=== Supplied data ===

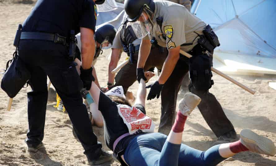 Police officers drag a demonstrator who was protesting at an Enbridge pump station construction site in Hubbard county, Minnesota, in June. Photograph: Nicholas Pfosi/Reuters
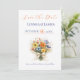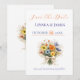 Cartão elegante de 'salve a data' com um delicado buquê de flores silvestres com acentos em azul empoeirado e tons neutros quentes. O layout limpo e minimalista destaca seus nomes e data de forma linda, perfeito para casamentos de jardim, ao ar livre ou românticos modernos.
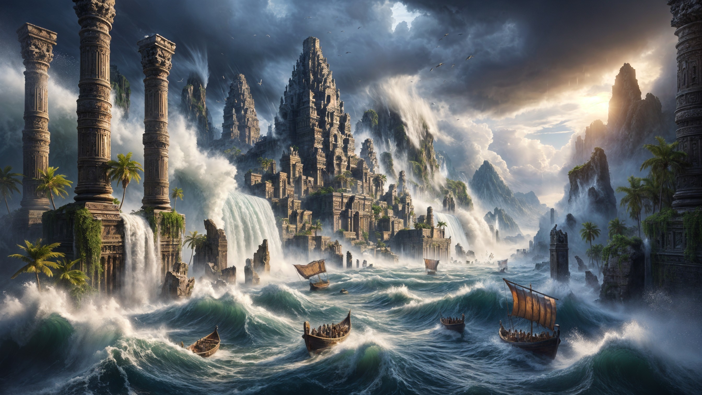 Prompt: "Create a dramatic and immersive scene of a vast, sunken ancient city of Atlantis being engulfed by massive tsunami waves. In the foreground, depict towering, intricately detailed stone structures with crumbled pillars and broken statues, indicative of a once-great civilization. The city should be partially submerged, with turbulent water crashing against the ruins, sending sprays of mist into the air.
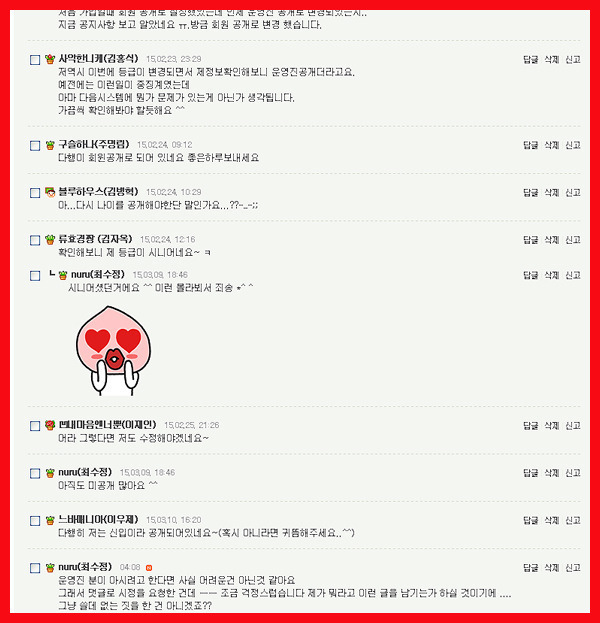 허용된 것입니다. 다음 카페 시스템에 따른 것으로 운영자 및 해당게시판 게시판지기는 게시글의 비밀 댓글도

===

* _Task requirements_
Word for word, retype the lines from the one that contains "into the air." through the final line of the data, both ends included, excluding pictures.

* _Output_
 Prompt: "Create a dramatic and immersive scene of a vast, sunken ancient city of Atlantis being engulfed by massive tsunami waves. In the foreground, depict towering, intricately detailed stone structures with crumbled pillars and broken statues, indicative of a once-great civilization. The city should be partially submerged, with turbulent water crashing against the ruins, sending sprays of mist into the air.
 허용된 것입니다. 다음 카페 시스템에 따른 것으로 운영자 및 해당게시판 게시판지기는 게시글의 비밀 댓글도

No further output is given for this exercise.